I mean, there are people with no lives who will hound the farms until the ends of the Earth. So no matter what methods we use we have to be as unconventional as possible.


----------



## Marissa Moira (Jun 16, 2019)

Look if you're over 40 and can't how to computer. Just take a continuing education class. They offer a wide variety of shit at affordable prices especially now that so many journalist outlets are closing.

Also how many chinese lemons can I exchange for brave currency?


----------



## neurotypical (Jun 16, 2019)

SuicidalStar said:


> I really hope that there is more to the situation rather than just pressure the lynch mob. It's be ironic him caving in to a lynch mob since he resigned from the Mozilla Corporation for supporting Prop. 8.

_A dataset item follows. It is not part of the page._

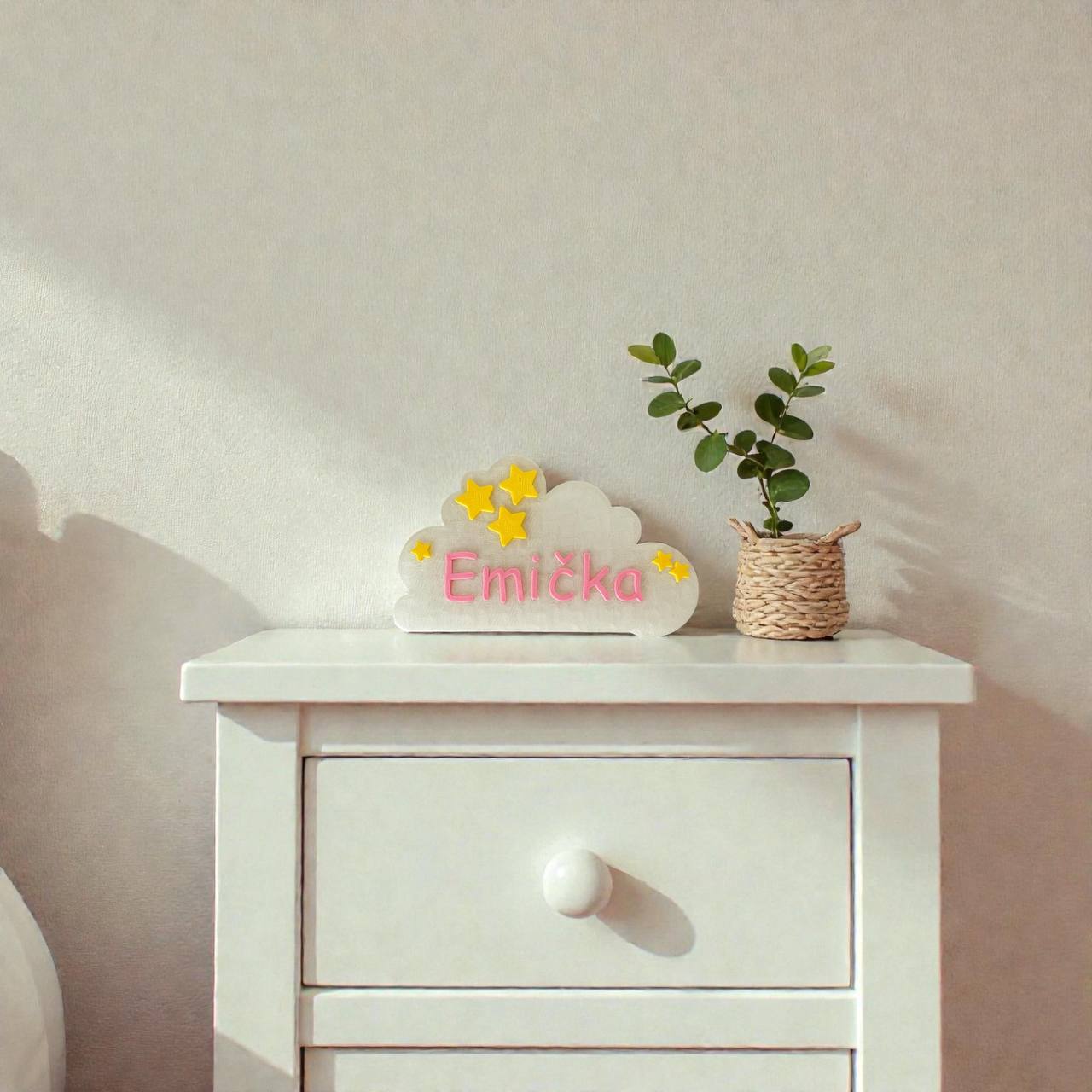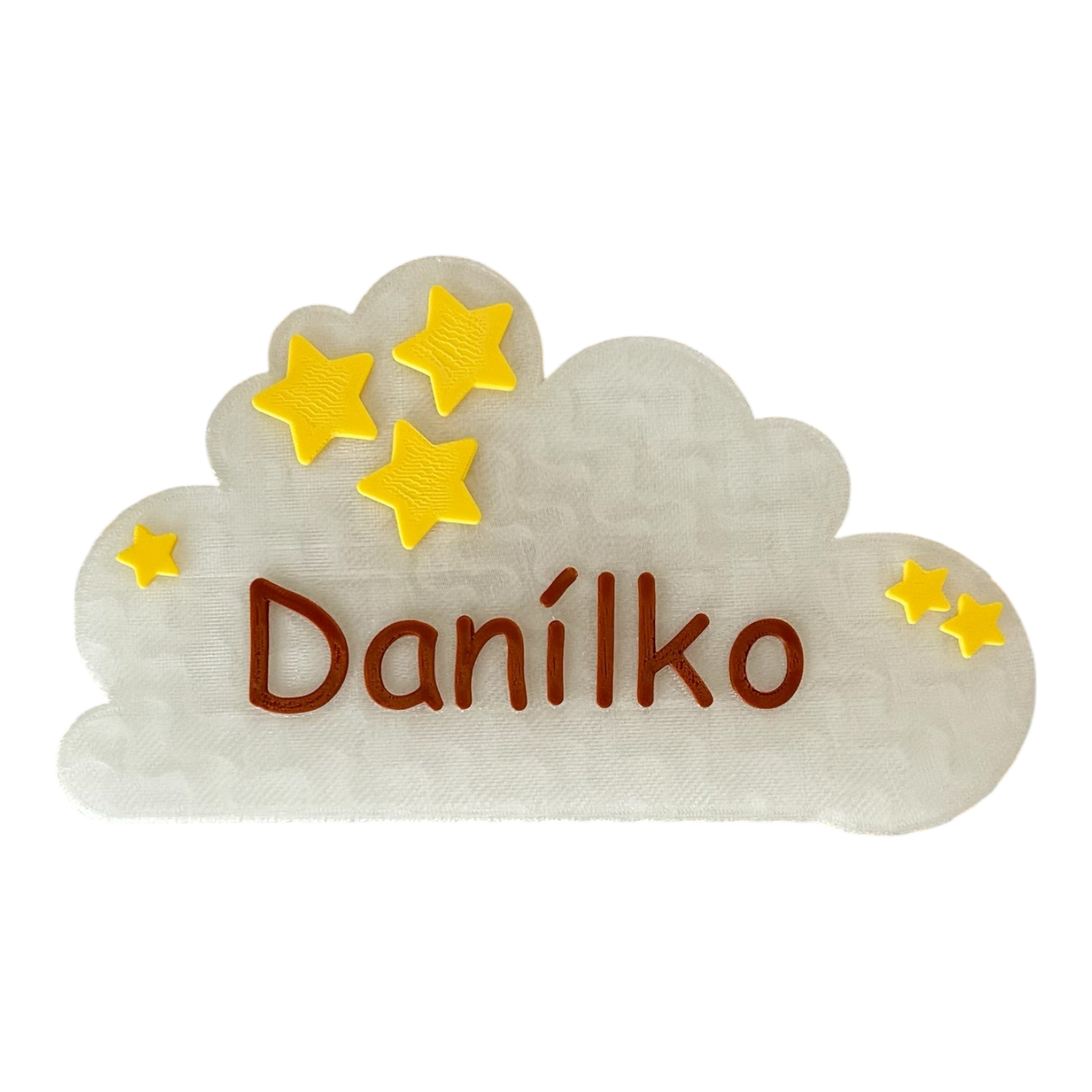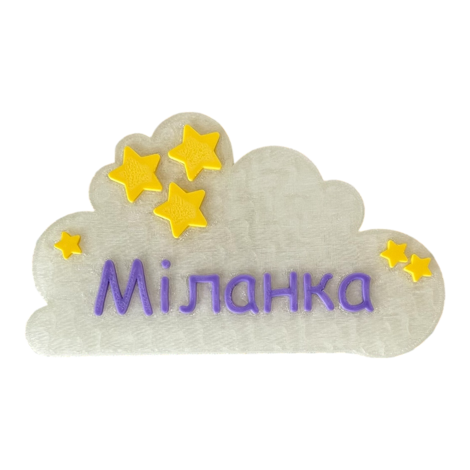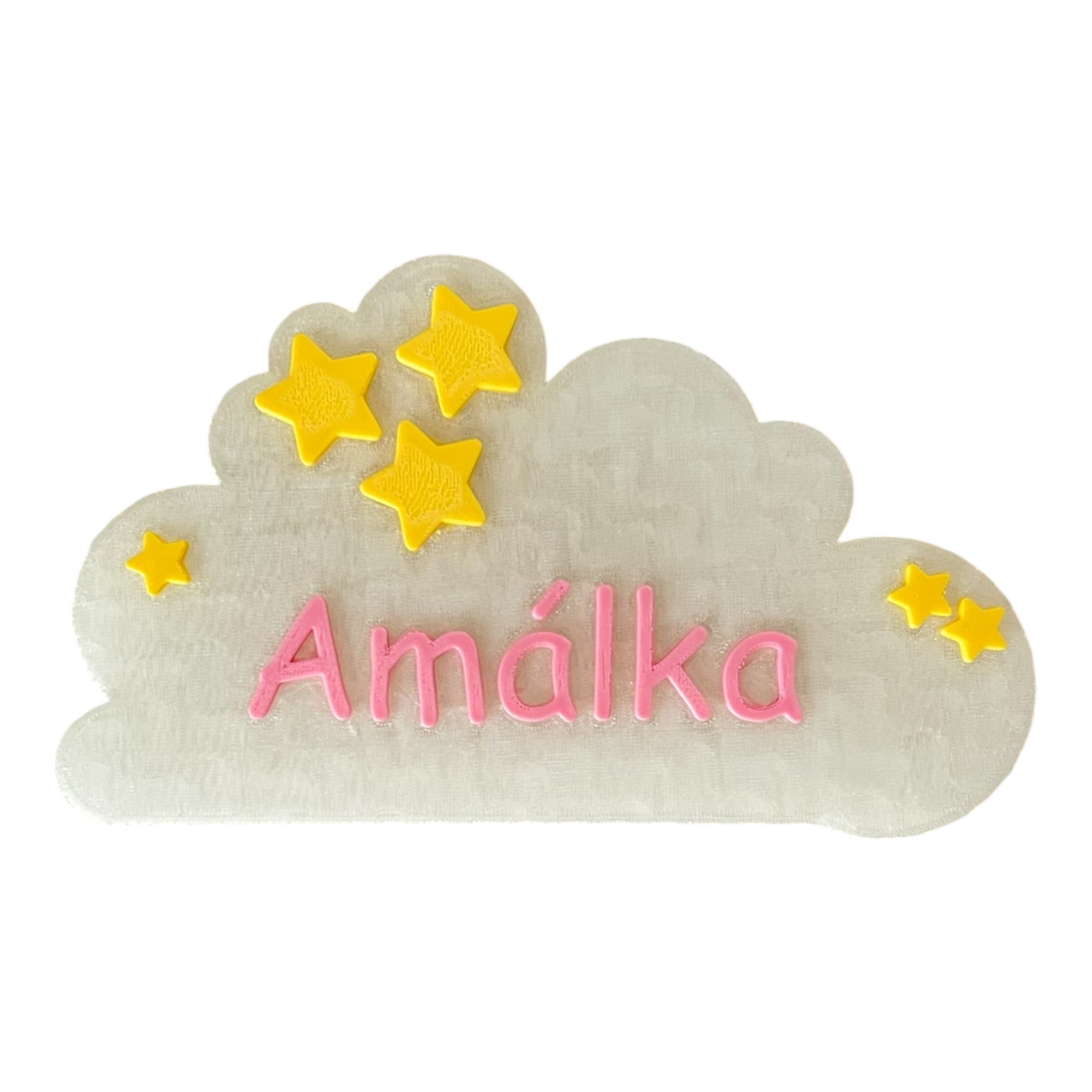 Mráčky jsou vytištěné na 3D tiskárně z PLA plastu. Jedná se o moderní bioplast rostlinného původu, který se nejčastěji vyrábí z kukuřice nebo cukrové třtiny. Materiál neobsahuje toxické příměsi, nemá výrazný zápach, je bezpečný pro děti a vhodný do dětských pokojů. Je příjemný na dotek, lehký a zároveň dostatečně pevný pro každodenní používání.
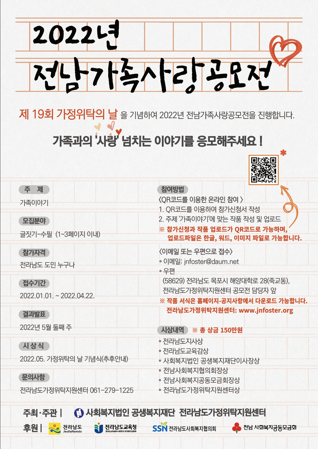 제 19회 가정위탁의 날을 기념하여 2022년 전남가족사랑공모전을 진행합니다.

I agree, but just to clarify, the CEO of Mozilla was the one that supported prop. 8, and I think he also donated a substantial amount of money to promote it. Mozilla fired him IIRC.


----------



## Null (Jun 16, 2019)

Apoth42 said:


> The right doesn't want to regulate banks so the banks pander to the left.
> 
> Good work right.


au contraire the only thing I see libertarians wanting to regulate is banks and payment processors. The problem is, they control congress, not the other way around.


----------



## Fibonacci (Jun 16, 2019)

Kosher Salt said:


> I DM'd Brendan on Twitter, and he claimed that ad money is going to be separated from Brave's grant money and then we'll be able to send the ad money to Null if we want... the ETA on that change will be July/August, he said. Also he said that they're paying Null today.


I received a grant and my ad money together, but as of tonight I was still able to tip the Farms with the ad money. Unless it goes through anyway but is just sitting in limbo and won't reach Null.


----------



## Null (Jun 16, 2019)

Fibonacci said:


> I received a grant and my ad money together, but as of tonight I was still able to tip the Farms with the ad money. Unless it goes through anyway but is just sitting in limbo and won't reach Null.


I think he says the grants will be refunded. I'm not sure what happens to them. Don't tip the site anymore.


----------



## Particle Bored (Jun 16, 2019)

Null said:


> I think he says the grants will be refunded. I'm not sure what happens to them. Don't tip the site anymore.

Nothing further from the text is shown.